Captive insurance companies can be a win-win for organizations with excellent claim records that would rather accrue their insurance premiums than pay them to a third-party insurer. Put simply, captive insurers are insurance companies formed by the insured with the specific objective of insuring risks emanating from the parent company or group of companies. The advantages can be substantial: For example, after "endowing" the captive insurer, the parent no longer has to make annual premium payments unless the captive has an unexpected payout period or takes on additional risks. Like ordinary insurers, captive insurers must convince regulators that their business is sound from an actuarial and financial perspective. Typically, captive insurance companies hire outside specialists to assist with this. They retain the underwriting profit and investment income, preserve control over how the company pays losses and settles claims, can develop their own forms and rates based on group experience, and, where necessary, may seek reinsurance to protect against remote risks. Captive insurers can tailor their products to the exact risks and strengths of your organization, whereas commercial insurers lump your risks into the risk profiles of other organizations that may prove quite different. By retaining control over settling claims, captives wrest control from third parties over these claims and are able to benefit directly from enhanced loss prevention programs. Not all types of insurance can be insured through captives, not all states authorize captives for every type of organization and not all risk profiles or organization sizes make sense for captives. Smaller organizations may want to join together in associations to benefit from them. Captives also require experienced and sophisticated management from at least outside vendors. But when the elements for captive insurance are satisfied, it is an excellent way to benefit from good risk-compliance programs and to steward resources. Holland & Knight is glad to assist if you would like more information about captive insurance companies.

Department of Justice May Not Enjoin School Voucher Program Based on Federal Desegregation Order

In Brumfield v. La. State Bd. of Educ., No. 14-31010, 2015 WL 6989319 (5th Cir. Nov. 10, 2015), the court ruled that the district court was without subject matter jurisdiction to modify a federal desegregation order to gain oversight and some level of control over Louisiana's Student Scholarships for Educational Excellence Act (Act).

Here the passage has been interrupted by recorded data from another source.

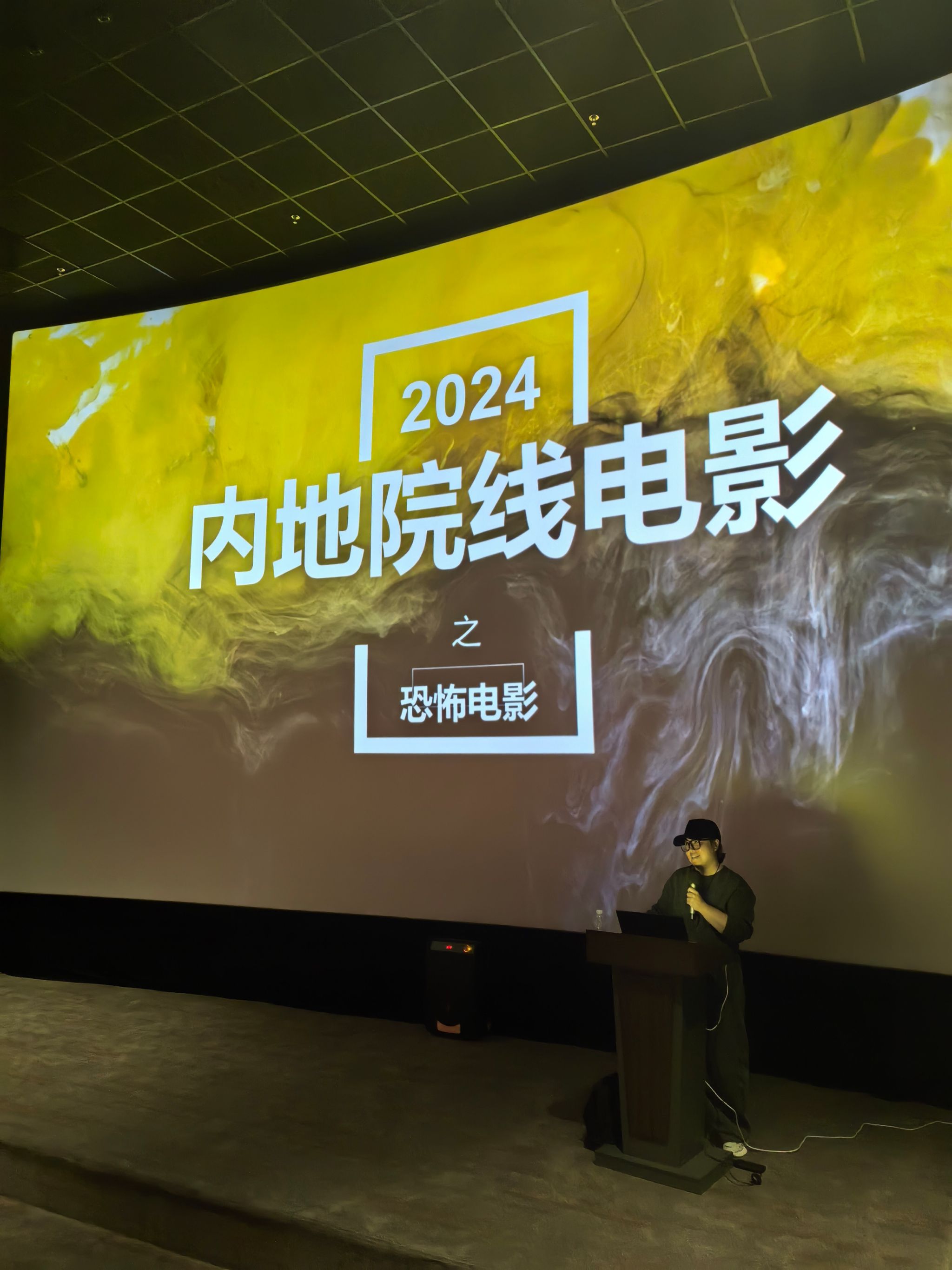 11月13日下午16:00,福建恒业影业有限公司的郭跃老师在万画影城四号厅为实训版同学们带来了一场别开生面的企业公开课,主题为《内地院线电影之恐怖电影》。此次公开课不仅深入剖析了恐怖电影在内地院线的发展现状与趋势,还分享了恒业影业在恐怖电影制作与发行方面的宝贵经验。
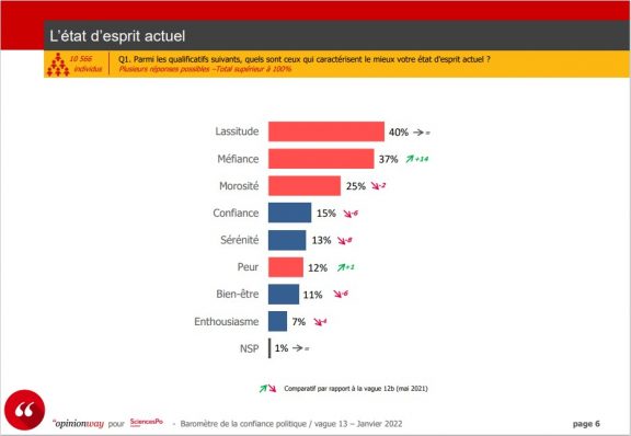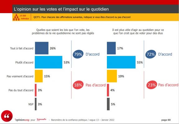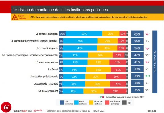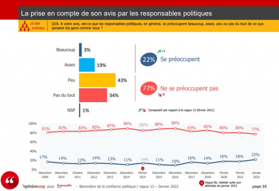 Le baromètre de la confiance politique réalisé par le CEVIPOF de janvier 2022 est parlant.
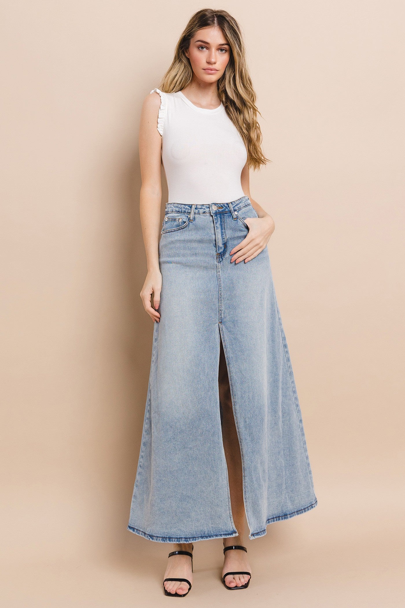 Classic silhouette with a trendy take on the forever-in-style denim skirt. This maxi denim skirt with a high slit gives a moment to move with ease. Pair with a crop top or a crisp white collard shirt. This skirt runs slightly small to be fitted, we recommend to size up for the best fit.
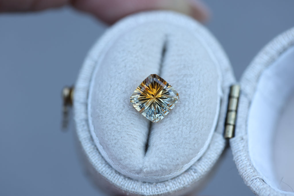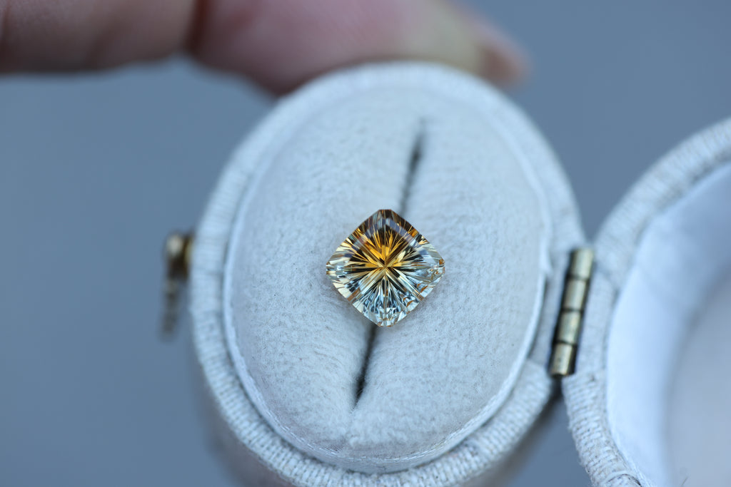 This stone is an absolutely stunning mix of orange and blue! Ice and fire. Can be set the way I have it in the ring box or the more traditional square set so flat sides NSEW
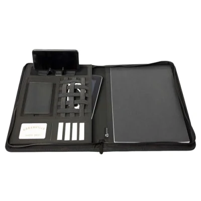 The DIN A4 zip folder stop ocean plastic line is made from recycled PET nylon fibres. Sustainable production promotes environmental protection by less plastic in the oceans The sophisticated conference folder has flexible multifunctional bands on the left side, 1 flexible slip pocket, 5 business card slots, a mobile phone / tablet stand and an A4 slip pocket On the right side there is a DIN A4 writing pad, which is attached in a slip pocket and can be changed easily and an A4 document compartment Ideal for use at work and study, also as a gift idea for many special occasions, such as birthday, confirmation or communion, youth initiation, for the beginning of study or start to work Business folder with zip, outer dimensions: approx. 33.5 x 26.5 x 4 cm, format: DIN A4, weight: 720 g, material: imitation leather and recycled PET, colour: anthracite, item no. : 46220, EAN: 4021068462209

The federal order, put in place in 1975 because of Louisiana's historical practice of subsidizing racially discriminatory private schools, was converted into a consent decree in 1985, incorporating a process for private schools to be certified as non-discriminatory to be eligible for state assistance. Under the court's continuing jurisdiction over the consent decree, the U.S. Department of Justice (DOJ) sought to compel discovery of information about the voucher program, then to alter the order to enjoin Louisiana from awarding any vouchers to students...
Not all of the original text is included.